March 19th, 2013
A Frittata is somewhat like a cross between an omelette and a quiche (but without pastry). It’s a big egg cake containing meat and or vegetables. Normally the vegetables and meat are fried first and mixed into the beaten egg before cooking on the stove and in the oven. Apparently it’s rare to find Frittata on a restaurant menu in Italy, because it’s normal to make it using leftovers.
The Frittata could possibly be considered an Italian version of the Tortilla Español (Spanish omelette) and the name itself comes from the Italian to fry (friggere). Alan Davidson suggests, in the Oxford Companion to Food, that the tortilla may have originated in Persia as kuku (a fried beaten egg cake containing herbs) and come to Spain with Sephardi Jews or the Moors. This might have arrived in Italy via Sicily at a similar time. It’s also worth noting that the word omelette purportedly comes from the Roman dish overmele – a dish of eggs, honey and pepper, contained in the recipes of the epicure Apicius.

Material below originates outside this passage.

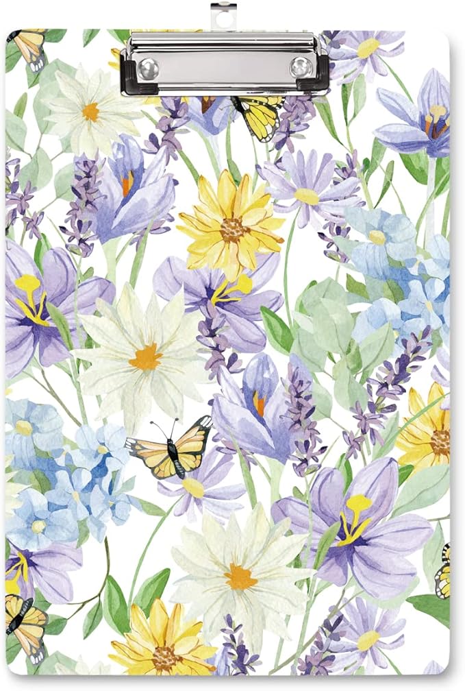 WAVEYU Cute Hardboard Office Clipboard, Clipboard with Low Profile Clip Designed for Students Classroom School and Office Use(12.5"x9"), Yellow Flower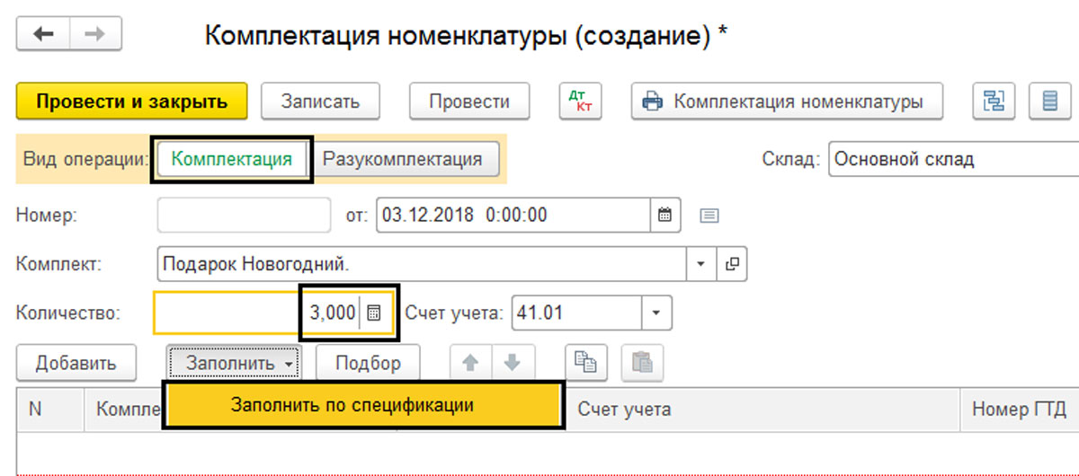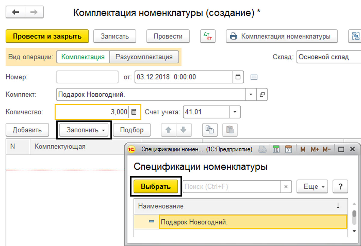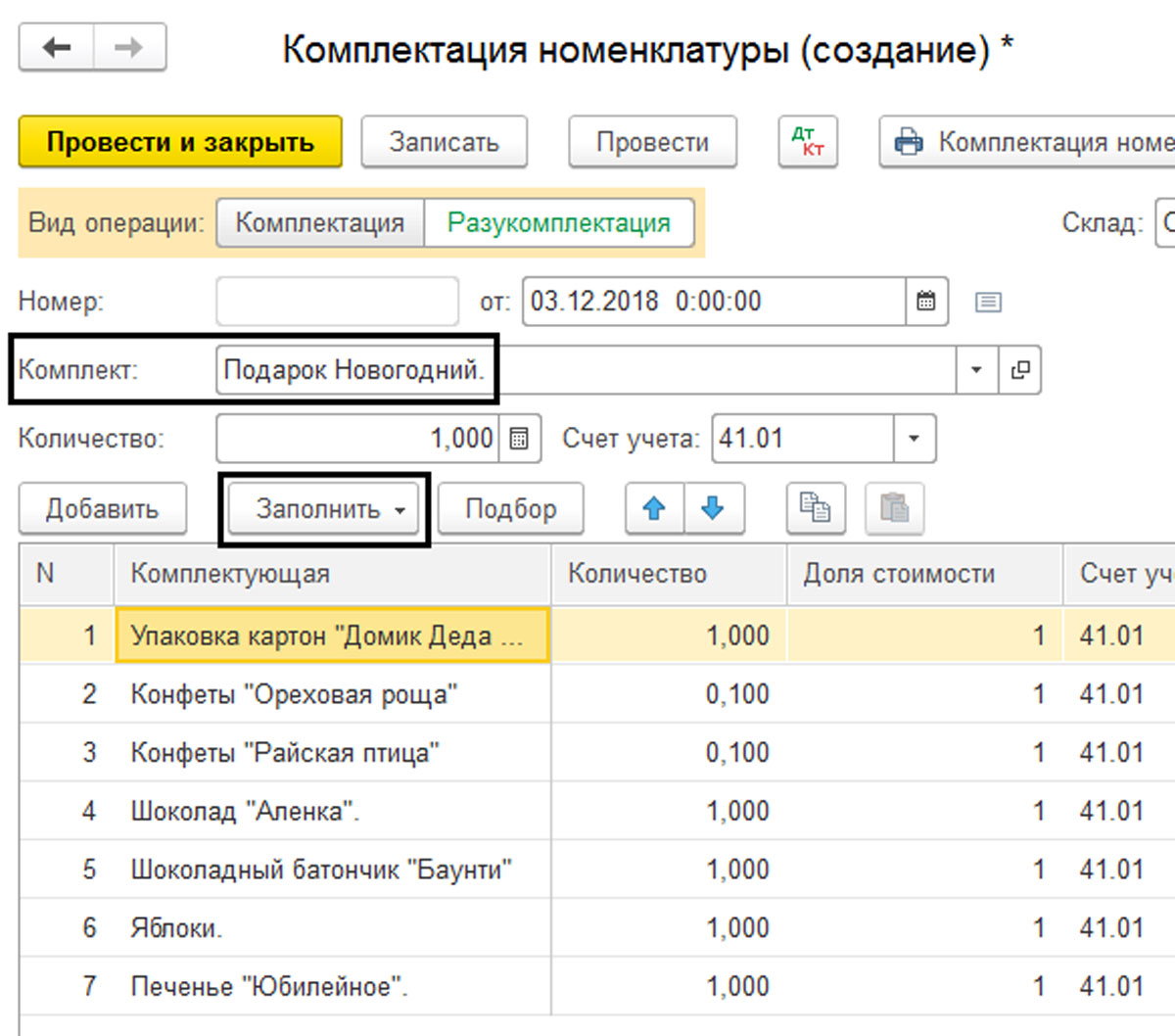 Заполняем документ "Комплектация" в соответствии с операцией "Декомплектация". К примеру, не все позиции "Подарка новогоднего" были реализованы, и теперь необходимо разобрать этот комплект по частям. После нажатия на кнопку "Заполнить" наблюдаем за заполнением таблицы в соответствии нашим нормативам.

Chorizo and Tomato Frittata recipe (serves 2):
7 eggs (beaten vigorously)
half a hot chorizo ring (chopped)
2 medium floury potatoes (cubed)
1 green pepper (chopped)
1 courgette (chopped)
8 small tomatoes – I prefer Santa for flavour (sliced in half)
6 cloves of garlic (finely chopped)
5 or 6 ripped basil leaves
a sprinkle of crushed chilli
4 oz grated cheddar (or other cheese)
sea salt and cracked black pepper (to taste)
extra virgin olive oil (as required)
Beat the eggs in a large bowl, season to taste and set them aside.
Boil the cubed potatoes until they are tender (2 or 3 minutes). Drain and cool with cold water. Pat dry and fry in olive oil until golden. Drain, add salt to taste and put the hot cubes into the beaten egg – they will absorb some of the egg while their heat thickens it a little.
Fry the chorizo in olive oil,
add the green pepper and chilli flakes,
folowed by the courgette – allow them to take a little colour.
The garlic and tomatoes can go in together – don’t cook them for very long – the tomatoes should not be allowed to go soggy or it will be harder to get the Frittata to set.
Stir the chorizo and vegetables into the eggs, with a few torn basil leaves.
Preheat the oven to 200º C. Heat a generous splash of olive oil in an oven proof frying pan (on top of the stove) until it smokes. Pour the egg mixture into the frying pan and immediately turn the gas down. What this does is set the edges and bottom of the Frittata. When the edges are slightly brown and looking like those in the picture above, sprinkle the cheddar on top and put the frying pan in the oven.
Cook for between 5 – 10 minutes, or until the Frittata feels firm to the touch. Flip out onto a plate and allow to cool for 5 minutes before serving with a green salad. Frittata can also be served cold and makes a great addition to a picnic in the summer – it can be cut thinly as a sandwich filling too.
I enjoyed my Frittata with a glass or two of Campo Viejo Rioja.